Limitations & Future Work¶
- Gap between theory and method: The upper bound is for a single query position, whereas \(\Delta(x)\) aggregates across layers and the entire rollout.
- Evaluated models are relatively small (1.5B, 1.7B) with very low budgets; whether "high norm = high value" remains monotonic in larger models or dense reward scenarios requires more evidence.
- Anchors depend on CoT delimiters; if a model lacks explicit CoT segments or generates unstable decoding, \(\Delta(x)\) semantics may be diluted by noise.
Related Work & Insights¶
- vs. Wang et al. 2025c (HVS): HVS requires running RL to observe accuracy variance, which needs rewards; SHIFT acts as a zero-label alternative using a single inference pre-RL.
- vs. Classical Active Learning: Traditional uncertainty/distance signals from static embeddings or training loss fail to capture reasoning-time computation; SHIFT demonstrates that shifting the feature space to "reasoning dynamics" upgrades the CoreSet framework.

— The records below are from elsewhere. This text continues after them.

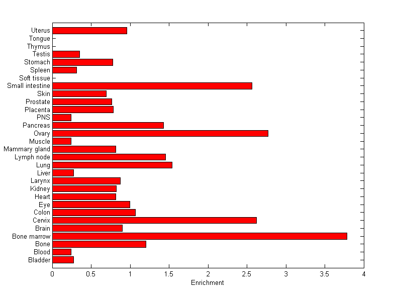 The expression level is normalized with tissue-library size. Each value for a gene in a tissue is a ratio of observed ESTs to the expected one in this tissue. The expected number of ESTs is the product of total ESTs of the gene and the fraction of total ESTs in the tissue among all ESTs in 30 tissues.
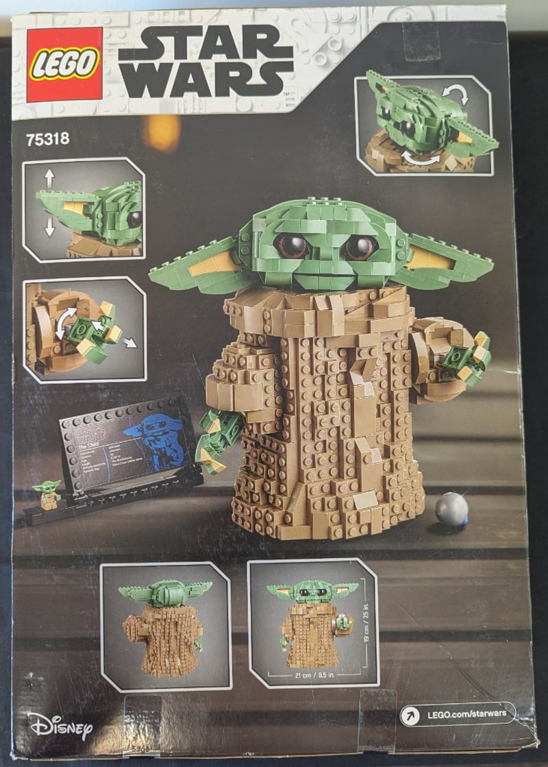 Lego Star Wars Set 75318 Featuring The Child (Grogu) From The Mandalorian Series. Buildable Figure With Green Head And Ears, Tan Robed Body With Articulated Arms And Poseable Hands. Includes Minifigures, Instruction Manual, And Display Base. Age Rating 10+. Construction Set Showcasing Detailed Brick-Built Design With Authentic Character Representation.
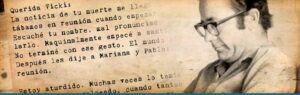“No podré despedirme, vos sabés por qué. Nosotros morimos perseguidos, en la oscuridad. El verdadero cementerio es la memoria. Ahí te guardo, te acuno, te celebro y quizá te envidio, querida mía”, escribió en la que tituló “Carta a Vicki”.
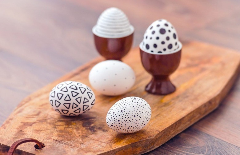 All you need to make these classy Easter eggs is a black permanent marker. After hard boiling your eggs and cooling them, simply draw on your eggs with your marker. You can do whatever sort of minimalist design tickles your fancy, from pointillism to bold geometric designs.
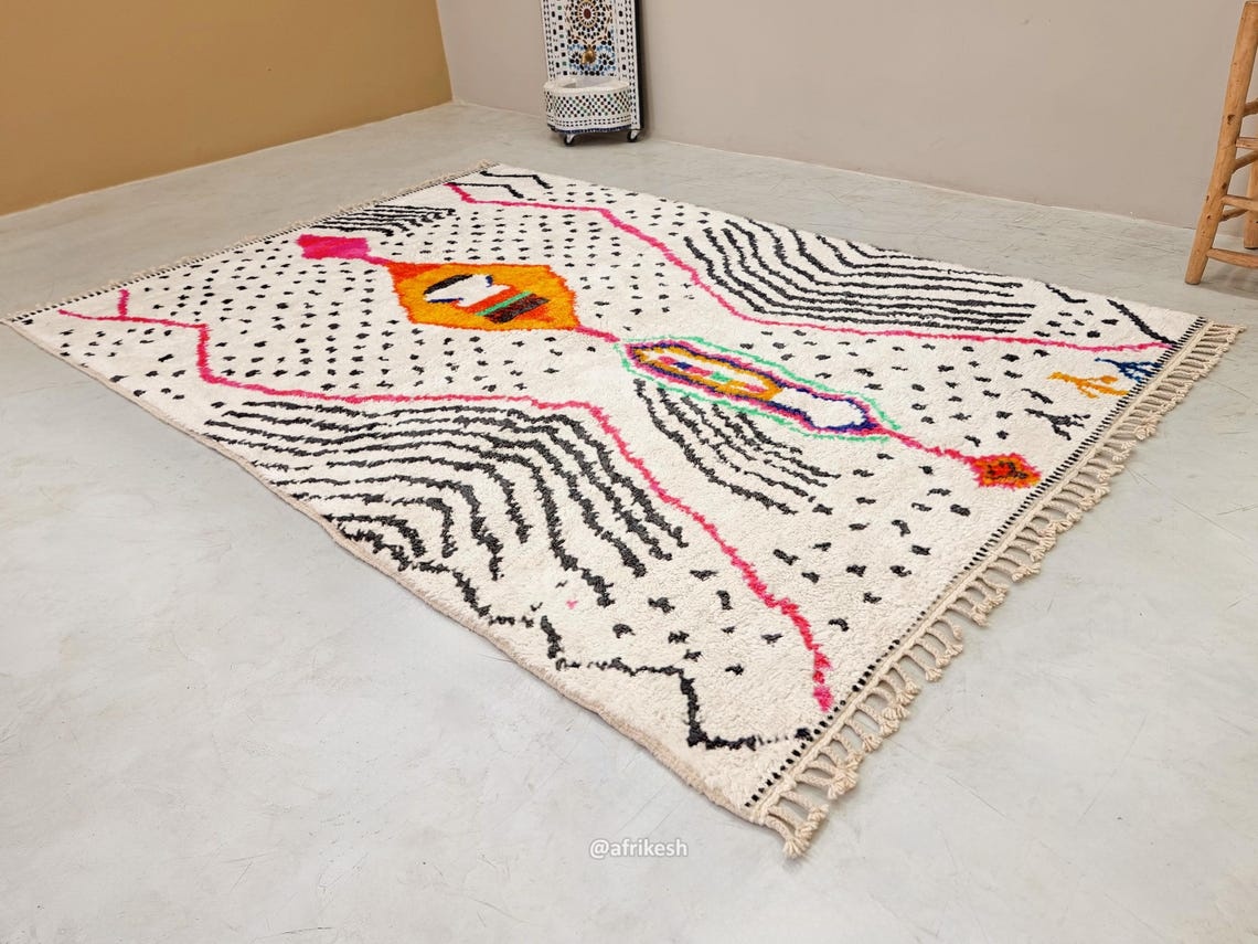 With a diverse range of customizable patterns, colors, and sizes, these rugs allow you to express your personal style while adding a touch of elegance to your decor. Known for their striking geometric designs and soft, luxurious wool, Beni Ourain rugs not only enhance the beauty of your living room, bedroom, or office but also provide warmth and comfort underfoot.

- vs. Liang et al. 2025: While they use start-end deltas to explain reasoning structures, SHIFT transforms this diagnostic signal into a selection criterion.
Rating¶
- Novelty: ⭐⭐⭐⭐ Connects implicit update theory to RLVR data selection.
- Experimental Thoroughness: ⭐⭐⭐ Dual scenarios (Math/Med) + multiple baselines, but narrow model scales.
- Writing Quality: ⭐⭐⭐⭐ Clear logical chain from theory to algorithm and ablation.
- Value: ⭐⭐⭐⭐ Provides a practical zero-label selection recipe for low-resource RLVR.